I’m having an issue where my area light is creating this hard shadow on these columns. The shadow seems to correlate with the angle of the area light. I don’t think it is a problem with the column because it also happens with a default cube object. If I switch to a point light the shadow issue seems go away. Could someone help me solve this issue?
Hi, this is happening because realtime or mixed area lights use a shadowmap projection which is essentially the same as spotlights. The shadowcasting geometry is right at the edge (penumbra) of the light’s influence, and will likely always receive a distorted portion of the shadowmap, which can result in unexpected results due to stretching of the map at these extreme angles not playing nicely with precision and biasing. Your nearplane is also very close to the light’s position, increasing that will get you some extra precision and better quality shadows generally.
Point lights do not suffer in the same way, because they actually use a 6-sided array of shadowmaps, to cover the cardinal axes of the light. Therefore, the geometry perpendicular to the light is receiving a shadowmap which is straight-on from the perspective of the source, which will yield nice crisp shadows. Incidentally, you should really try to avoid using realtime points for this reason as you’re effectively running 6 vertex shaders to render depth, for every point light, for every frame using this update method.

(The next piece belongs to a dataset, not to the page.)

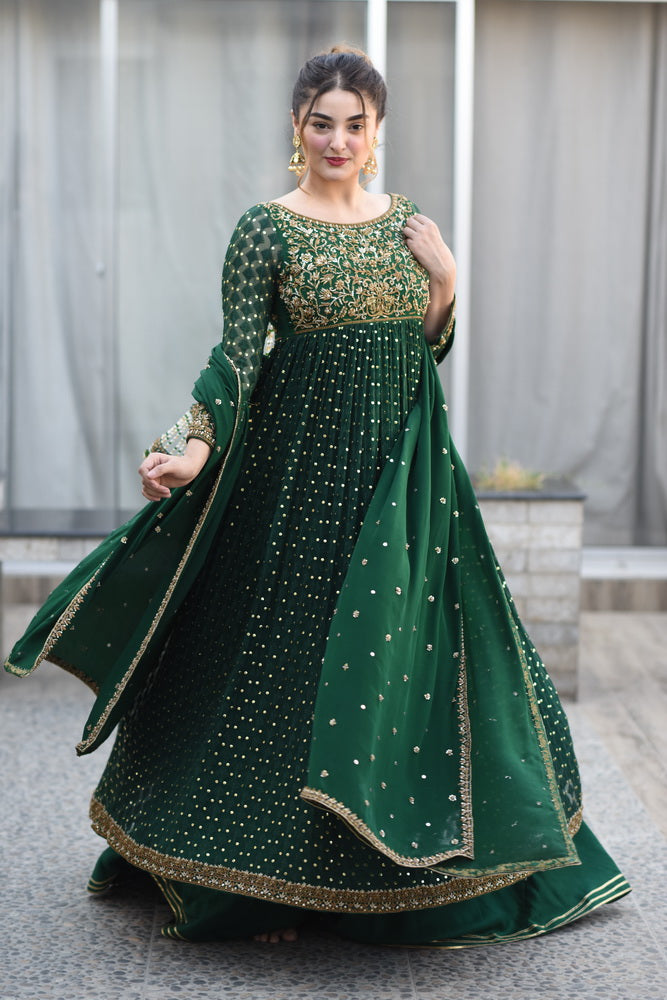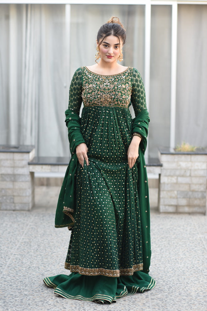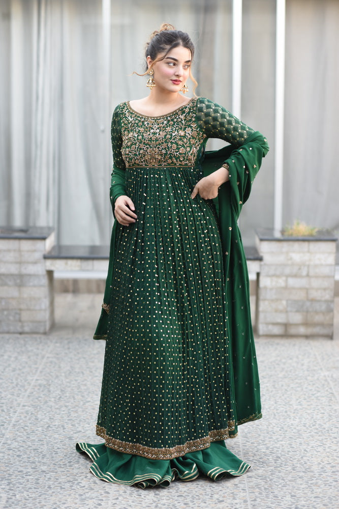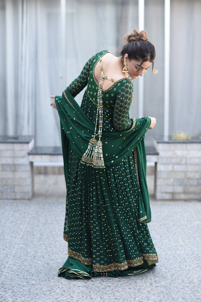 Heavily embellished chiffon kalidar worked with zardozi, salma and kamdani techniques. Paired with a raw silk ghara with gottta work.

You could tweak the biasing to get slightly nicer results, but as the geometry it right at the edges of the room and unlikely to interact with characters, I’d maybe just use a baked light to light this part of the room and save my realtime shadow-casters for some spotlights with a much narrower cone. A diffuse area light like this would not actually cast a hard shadow to adjescent geometry anyhow. These lights naturally create very soft indirect shadows that would look more similar to AO or “blob” shadowing, so the hard shadows you are trying to create here are not appropriate.